**What is being asked**. Pictures must not appear in the copy. Set down exactly the line with "레스토랑에서 같이 일하던 알ㅂ녀들 돌아가며 ㄸㅁ은 이야기" and each line after it through the end of the data below.

**Data items**.
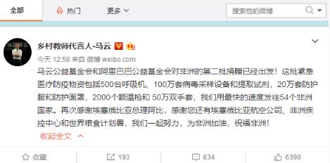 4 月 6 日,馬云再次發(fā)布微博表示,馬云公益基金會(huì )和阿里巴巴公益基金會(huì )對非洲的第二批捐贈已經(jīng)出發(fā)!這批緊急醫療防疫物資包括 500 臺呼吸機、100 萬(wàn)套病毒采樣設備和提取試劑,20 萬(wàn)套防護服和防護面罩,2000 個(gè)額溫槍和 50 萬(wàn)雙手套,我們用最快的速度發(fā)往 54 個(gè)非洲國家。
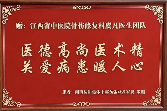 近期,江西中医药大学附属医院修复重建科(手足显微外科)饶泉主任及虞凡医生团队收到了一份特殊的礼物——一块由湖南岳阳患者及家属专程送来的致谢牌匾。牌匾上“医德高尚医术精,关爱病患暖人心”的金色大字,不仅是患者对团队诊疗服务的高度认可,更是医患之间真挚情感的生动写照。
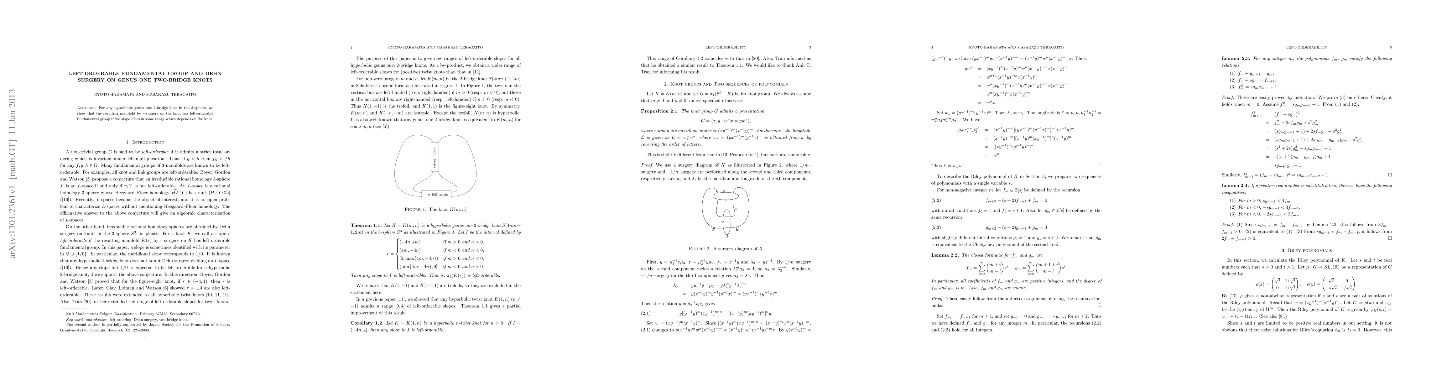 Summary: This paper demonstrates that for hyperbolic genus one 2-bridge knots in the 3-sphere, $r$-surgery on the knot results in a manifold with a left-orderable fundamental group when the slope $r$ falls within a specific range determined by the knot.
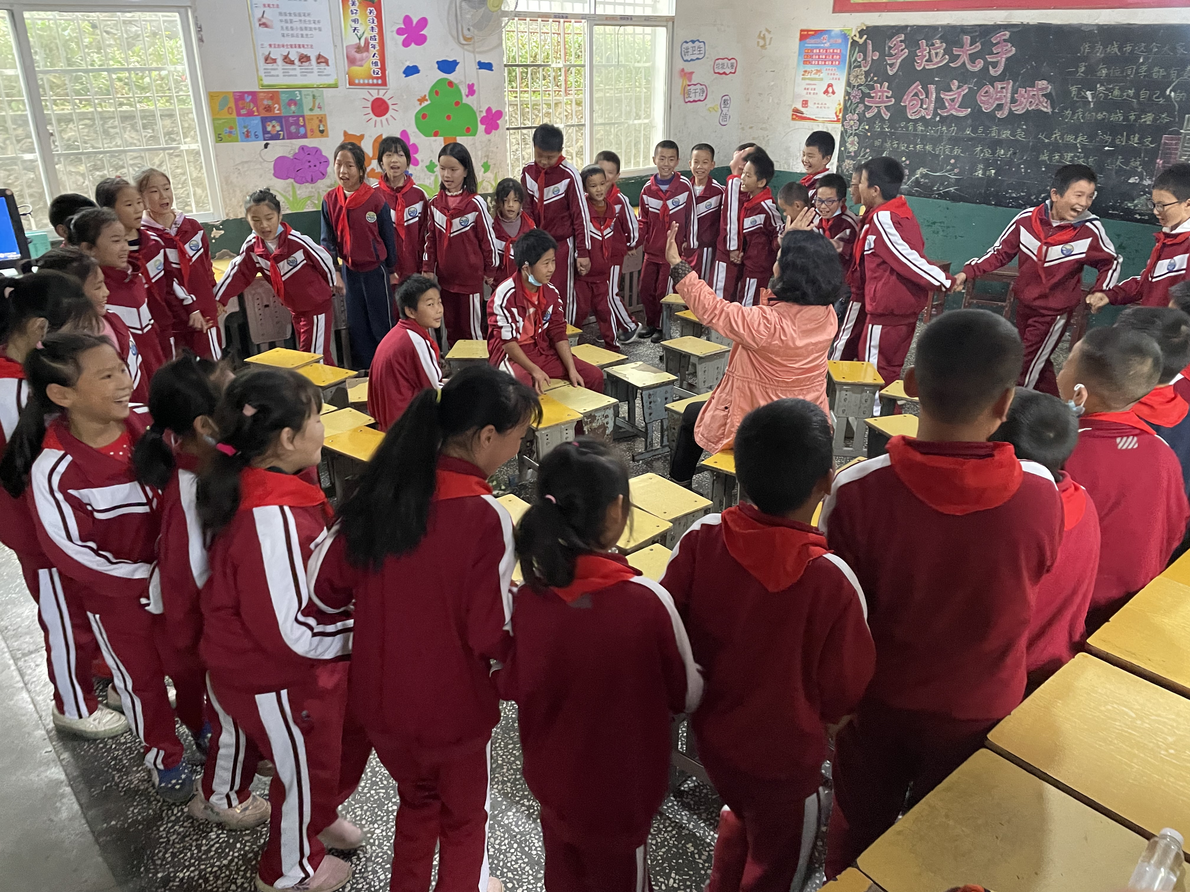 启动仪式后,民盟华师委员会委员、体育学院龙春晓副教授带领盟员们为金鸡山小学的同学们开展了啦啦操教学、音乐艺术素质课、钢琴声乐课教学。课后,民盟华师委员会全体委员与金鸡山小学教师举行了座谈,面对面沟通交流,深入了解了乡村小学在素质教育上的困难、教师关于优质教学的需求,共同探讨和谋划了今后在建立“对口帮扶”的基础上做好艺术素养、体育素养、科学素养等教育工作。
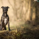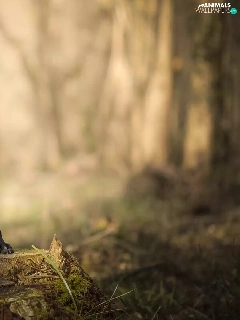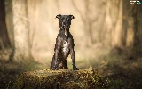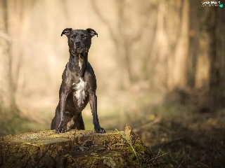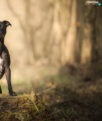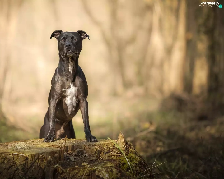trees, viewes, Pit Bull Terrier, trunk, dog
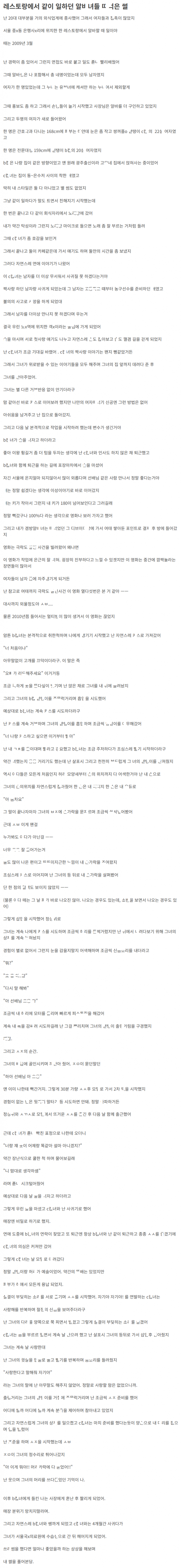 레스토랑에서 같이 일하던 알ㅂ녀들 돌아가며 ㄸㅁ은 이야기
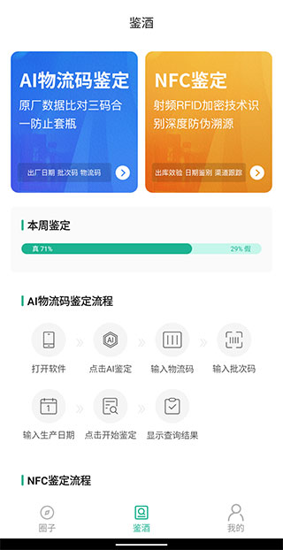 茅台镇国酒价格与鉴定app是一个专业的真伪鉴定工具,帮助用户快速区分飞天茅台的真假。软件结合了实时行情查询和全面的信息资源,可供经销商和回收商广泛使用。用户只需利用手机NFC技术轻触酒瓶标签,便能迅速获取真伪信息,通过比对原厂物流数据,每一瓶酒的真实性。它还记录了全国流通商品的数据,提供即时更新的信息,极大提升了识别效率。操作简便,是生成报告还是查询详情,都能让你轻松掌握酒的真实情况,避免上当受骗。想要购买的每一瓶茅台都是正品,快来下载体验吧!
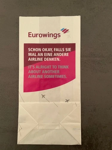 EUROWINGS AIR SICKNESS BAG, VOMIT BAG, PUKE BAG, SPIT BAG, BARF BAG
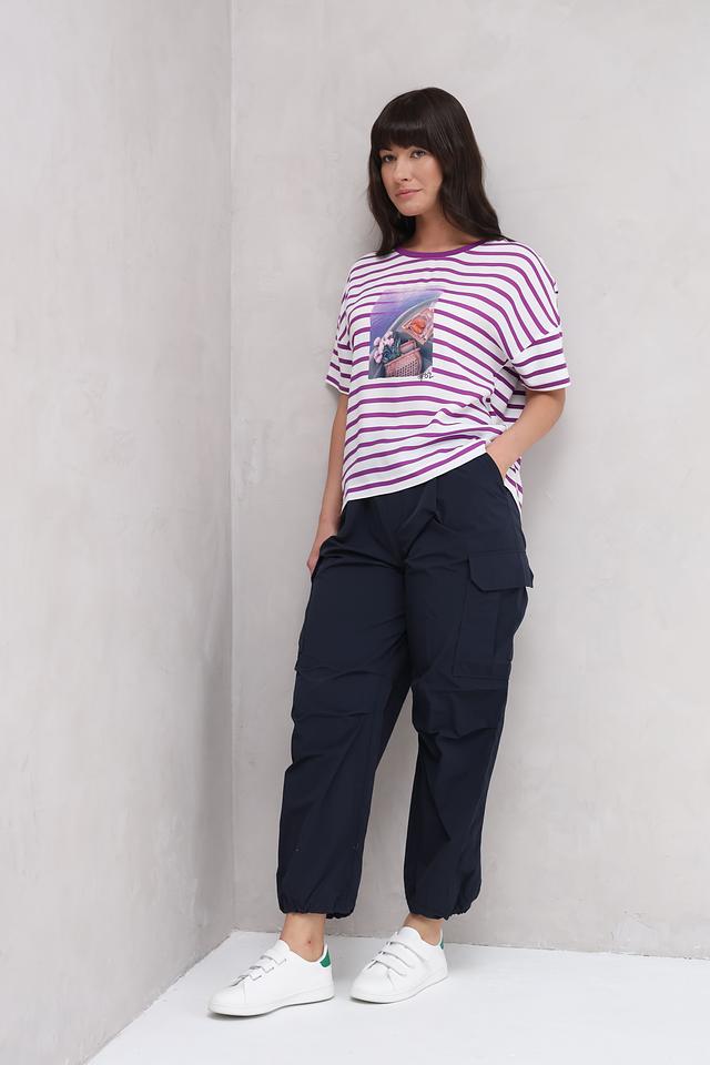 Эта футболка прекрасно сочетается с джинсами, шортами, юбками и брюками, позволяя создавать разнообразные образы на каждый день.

**Answer section**.
 레스토랑에서 같이 일하던 알ㅂ녀들 돌아가며 ㄸㅁ은 이야기
 茅台镇国酒价格与鉴定app是一个专业的真伪鉴定工具,帮助用户快速区分飞天茅台的真假。软件结合了实时行情查询和全面的信息资源,可供经销商和回收商广泛使用。用户只需利用手机NFC技术轻触酒瓶标签,便能迅速获取真伪信息,通过比对原厂物流数据,每一瓶酒的真实性。它还记录了全国流通商品的数据,提供即时更新的信息,极大提升了识别效率。操作简便,是生成报告还是查询详情,都能让你轻松掌握酒的真实情况,避免上当受骗。想要购买的每一瓶茅台都是正品,快来下载体验吧!
 EUROWINGS AIR SICKNESS BAG, VOMIT BAG, PUKE BAG, SPIT BAG, BARF BAG
 Эта футболка прекрасно сочетается с джинсами, шортами, юбками и брюками, позволяя создавать разнообразные образы на каждый день.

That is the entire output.